Transitions are used to specify how a system evolves changing its internal state according to the external stimuli. They can be labeled by events which trigger their activation and the consequent change of state of the system, conditions for their applicability, and actions to be performed during their execution.
SCs have an intuitive graphical representation: see Figure 2A showing a SC modeling the movement and feeding of an organism by means of two concurrent substates.
SCs have very good software tool support [22–27], which can be used to generate source code (e.g. in Java) whose execution corresponds to the SCs semantics, and to interactively simulate the system execution. SCs have been extensively studied in software and systems engineering, and have demonstrated to be particularly well-suited for modeling and designing reactive systems, that is, systems which evolve reacting to internal or external events, or changed conditions. In the case of GRNs these events can be, for example, the introduction or removal of a protein or of another component.

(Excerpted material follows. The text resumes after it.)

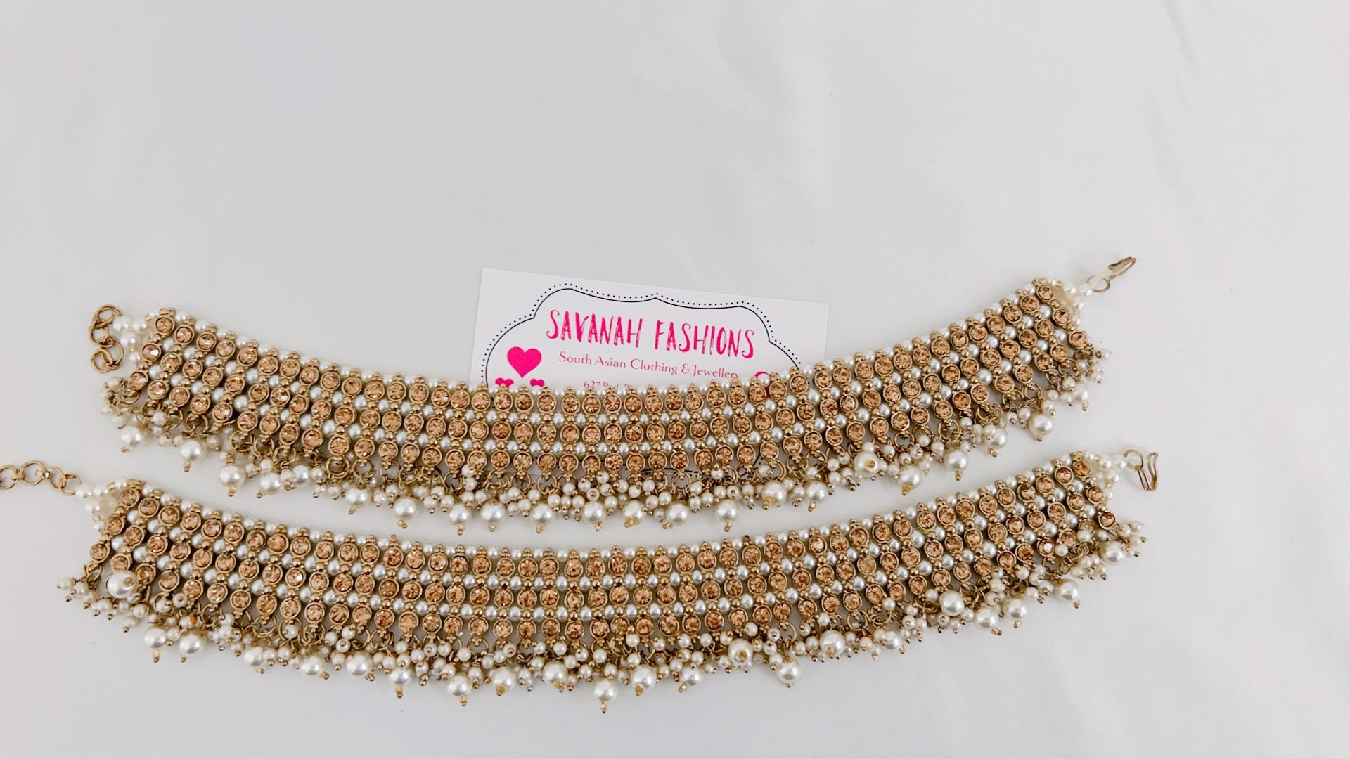 These payals consists of stone and pearl work, ideal for a bride or anyone that prefers statement anklets.
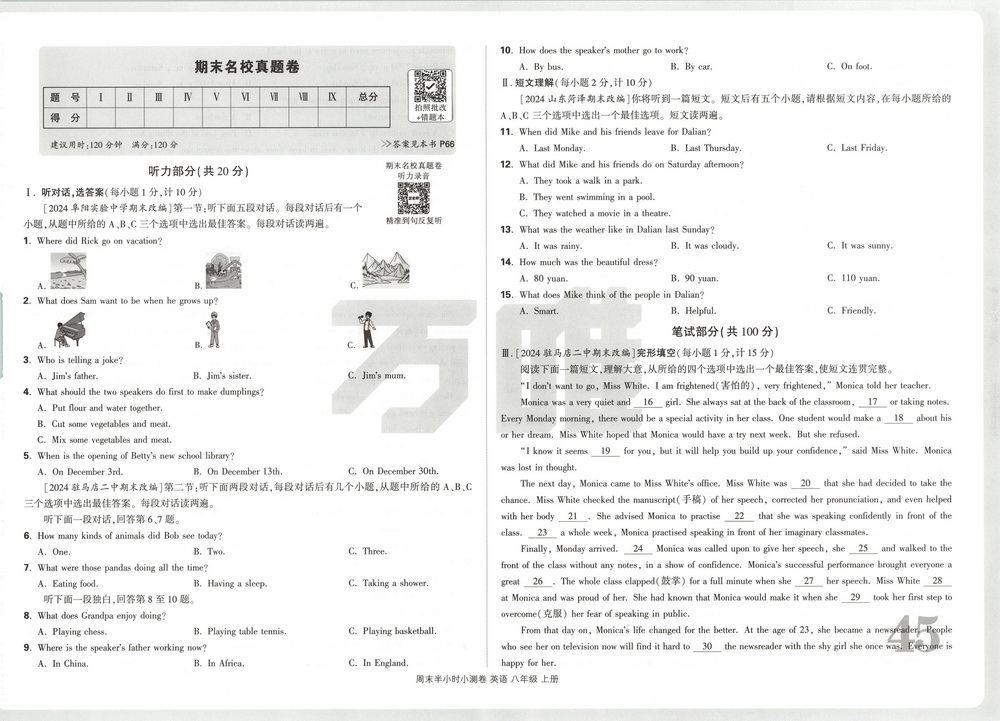 上一篇:新教材人教版八年级上册英语期末测试卷七

SCs have also been successfully used to model pancreatic organogenesis in the embryonic mouse [28], cell fate specification during C. elegans vulval development [29], and T-cell development in the thymus [30].
Shin and Nourani have used SCs to model GRN motifs [17]. In their approach, each element (gene, protein, signal) can be in one of the two states: "on", which means that the gene is expressed or that the protein is present and active, and "off", which means that the gene is not expressed or that the protein is not present or present in its inactive form.
Moreover, activating interactions in GRNs are translated to transitions from the "off" state to the "on" state for the gene being activated. Similarly, inhibiting interactions correspond to transitions from the "on" state to the "off" state.
Their SCs model of the coherent simple regulation motifs s1 and s2 is shown in Figure 2B, which in their approach represents also the autoregulation motifs.